Now, if $\{ f_1, \dots, f_n \}$ is another orthonormal basis, let $M$ be the transition matrix between them, i.e. $f_i = \sum _j M_{ij} e_j$. Since it is a transition matrix between orthonormal bases, $M$ will be orthogonal, i.e. $M^t M = I_n$ or, equivalently, $\sum _{j=1} ^n (M^t)_{ij} M_{jk} = \delta_{ik}$, with $\delta_{ik}$ being Kronecker's symbol.

Then

$$\sum _{j=1} ^n \| A f_j \| ^2 = \sum _{j=1} ^n \langle A f_j, A f_j \rangle = \sum _{j=1} ^n \langle A^t A f_j, f_j \rangle = \sum _{j=1} ^n \langle A^t A \sum _{i=1} ^n M_{ji} e_i, \sum _{k=1} ^n M_{jk} e_k \rangle = \\ = \sum _{i = 1} ^n \sum _{k = 1} ^n \langle A^t A e_i, e_k \rangle \sum _{j = 1} ^n M_{ji} M_{jk} = \sum _{i = 1} ^n \sum _{k = 1} ^n \langle A^t A e_i, e_k \rangle \sum _{j = 1} ^n (M^t)_{ij} M_{jk} = \sum _{i = 1} ^n \sum _{k = 1} ^n \langle A^t A e_i, e_k \rangle \delta_{ik} = \\ \sum _{i = 1} ^n \langle A^t A e_i, e_i \rangle = \| A \| ^2 \ ,$$

which shows that, indeed, the definition of $\| A \|$ does not depend on the orthonormal basis used.

If one does not use orthonormal bases, though, the above ceases to hold.

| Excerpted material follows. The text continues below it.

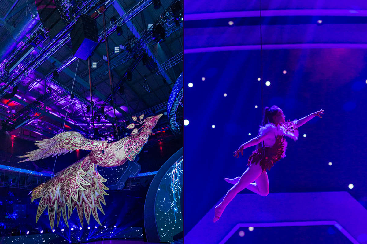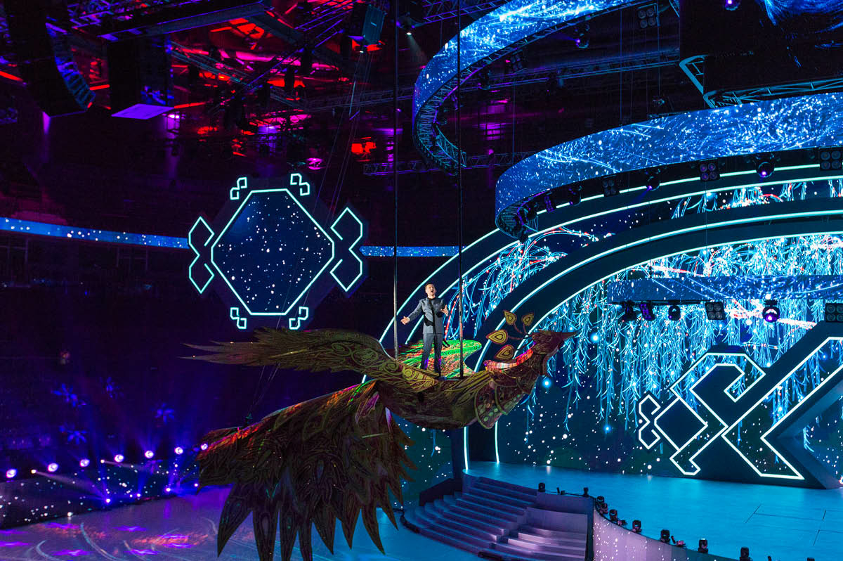 Популярность кинематики, движения во время шоу, с каждым годом только растет. Большие режиссеры считают должным присутствие кинематических конструкций в общем техническом комплексе сценической площадки. Никого уже не удивляет, что во время шоу что-то передвигается, поднимается и опускается – это норма. И мы должны соответствовать этой норме, современным стандартам шоу-индустрии. Моторизированные дороги с компьютерным управлением, которые мы разработали с отделом механического оборудования компании «Имлайт», универсальны. Они могут открывать светодиодные экраны по типу ширмы и шторы или возить птицу с человеком, как здесь в «Уфа-Арене», но в принципе способны перемещать (и делать это безопасно) что угодно – да хоть автомобиль, если режиссер шоу этого захочет. Собственно, это был главный пункт нашего техзадания: легкое перемещение на двух-трех каретках груза весом до нескольких тонн. Отмечу, что каретка – тоже разработка нашего производства – выполнена на очень высоком техническом уровне. Смотришь и понимаешь, что компания за эти годы очень выросла, в том числе и в подходе к производству.
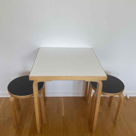 Smukt og sjældent Alvar Aalto spisebord bestående af 2 halvmåne-formede borde.

Probably the simplest illustration of this is to take $A : \mathbb R \to \mathbb R$ given by $Ax = x$. Take $e_1 = 1$ and $f_1 = 2$. The Hilbert-Schmidt norm of $A$ in the basis $\{ e_1 \}$ is $\sum _{i=1} ^1 \| A e_i \| ^2 = | A e_1 | ^2 = |e_1|^2 = 1^2 = 1$, while the norm in the basis $\{ f_1 \}$ is $|A f_1|^2 = |f_1|^2 = 4$. This happens because the basis $\{ f_1 \}$ is not orthonomal, since $\| f_1 \| ^2 = f_1 \cdot f_1 = 2 \cdot 2 = 4 \ne 1$.